• [Available data]

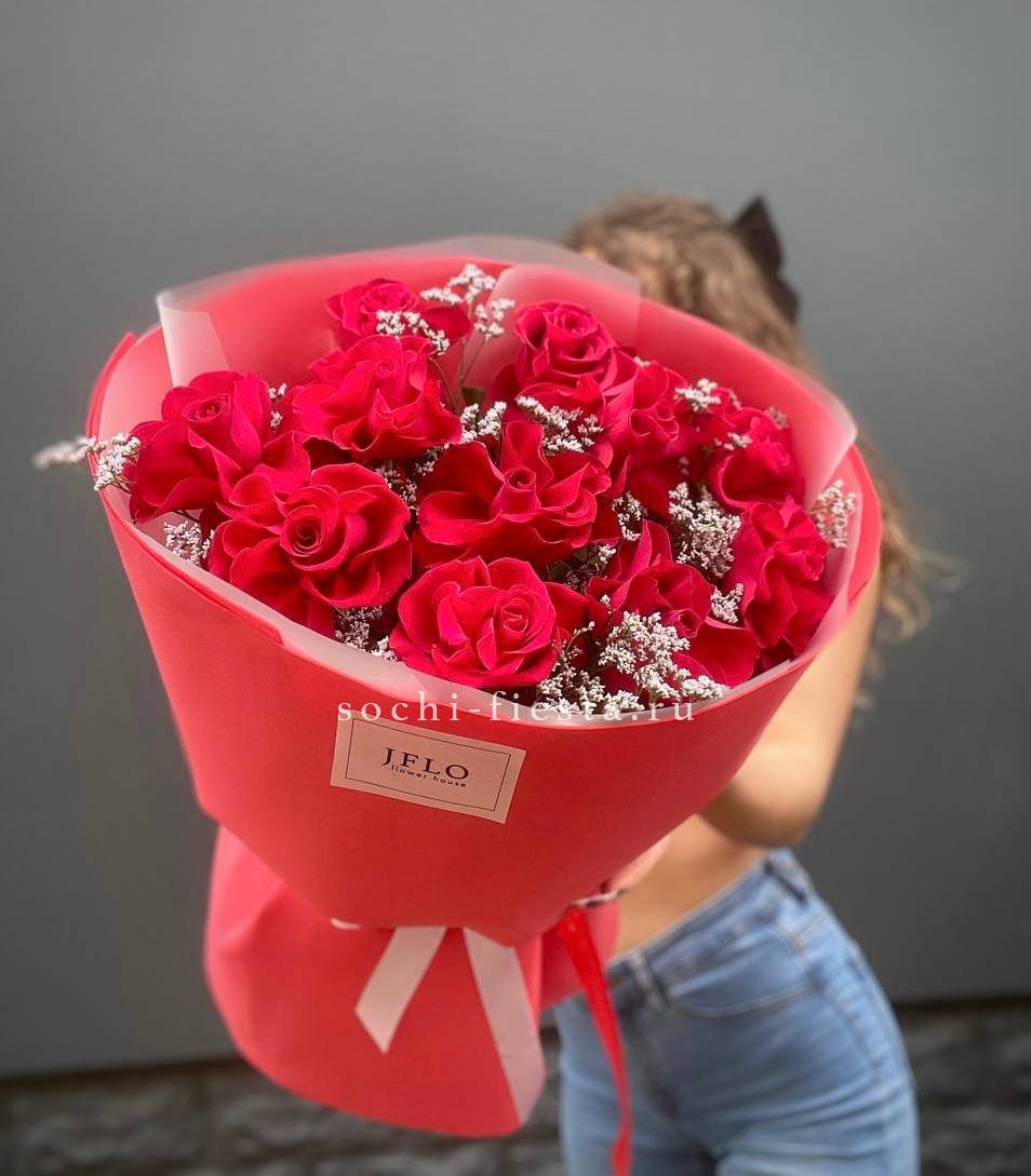 Одиннадцать алых бутонов собраны в плотную вертикальную форму с добавлением воздушного лимониума. Букет держит линию и создает яркое присутствие в любом пространстве.
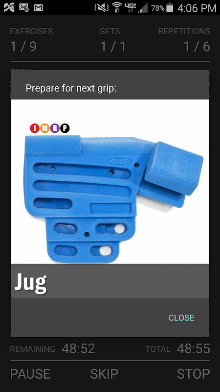 The hangboard timer is a unique feature of this app providing a timer with repetitions of short Hang and Rest periods (a Set) followed by a longer Break period. You can customize the number of Exercises, Sets and Rep(etition)s, and select the amount of time for Work, Rest and Break (rest between sets) periods. For convenience, it has 3 default training cycles for beginner moderate and advanced climbers. In these workouts hand grips are shown on the screen. It is also possible to change the settings of a default workout, or setup a complete custom workout.
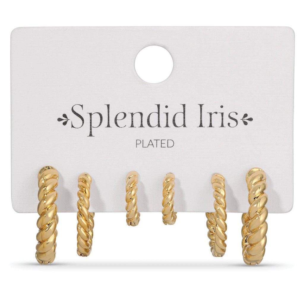Get the perfect combo of trending yet understated with our Twisted Huggies set. Includes 3 twisted huggies in 3 sizes. Upgrade your earring game now! Set/3 Huggies 18k Plated Gold or Rhodium Brass Base
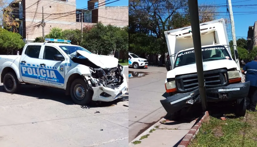 Una camioneta Nissan Frontier de la Policía y un camión Ford F-400 colisionaron fuertemente ayer a la siesta en la intersección de las calles Echeverría y Roldan de Resistencia.
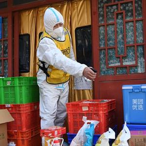 1月11日,“美团优选”的配送员对为一个社区配送点派送的货品进行酒精消杀。新华记者刘潇摄
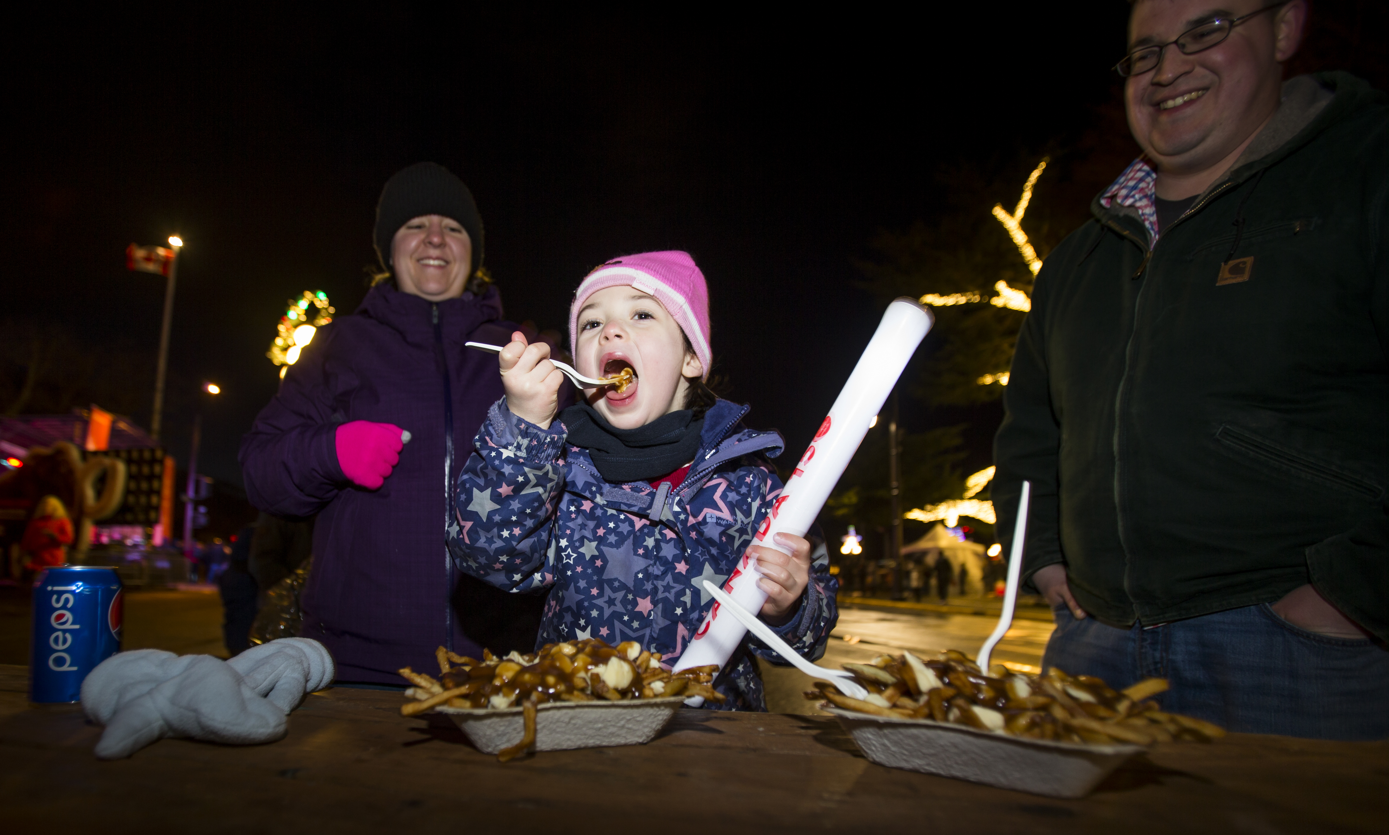VICTORIA, B.C.: DECEMBER 31, 2016- Baea Mayer enjoys a mouthful of her Mother Emily’s poutine as her father Brandon smiles during the First Night Celebrations in the Inner Harbour in Victoria, British Columbia on December 31, 2016. (KEVIN LIGHT).

• [Task to complete] The copy must match every line of the data exactly and contain no pictures.

• [Result of the exercise]
 Одиннадцать алых бутонов собраны в плотную вертикальную форму с добавлением воздушного лимониума. Букет держит линию и создает яркое присутствие в любом пространстве.
 The hangboard timer is a unique feature of this app providing a timer with repetitions of short Hang and Rest periods (a Set) followed by a longer Break period. You can customize the number of Exercises, Sets and Rep(etition)s, and select the amount of time for Work, Rest and Break (rest between sets) periods. For convenience, it has 3 default training cycles for beginner moderate and advanced climbers. In these workouts hand grips are shown on the screen. It is also possible to change the settings of a default workout, or setup a complete custom workout.
Get the perfect combo of trending yet understated with our Twisted Huggies set. Includes 3 twisted huggies in 3 sizes. Upgrade your earring game now! Set/3 Huggies 18k Plated Gold or Rhodium Brass Base
 Una camioneta Nissan Frontier de la Policía y un camión Ford F-400 colisionaron fuertemente ayer a la siesta en la intersección de las calles Echeverría y Roldan de Resistencia.
 1月11日,“美团优选”的配送员对为一个社区配送点派送的货品进行酒精消杀。新华记者刘潇摄
VICTORIA, B.C.: DECEMBER 31, 2016- Baea Mayer enjoys a mouthful of her Mother Emily’s poutine as her father Brandon smiles during the First Night Celebrations in the Inner Harbour in Victoria, British Columbia on December 31, 2016. (KEVIN LIGHT).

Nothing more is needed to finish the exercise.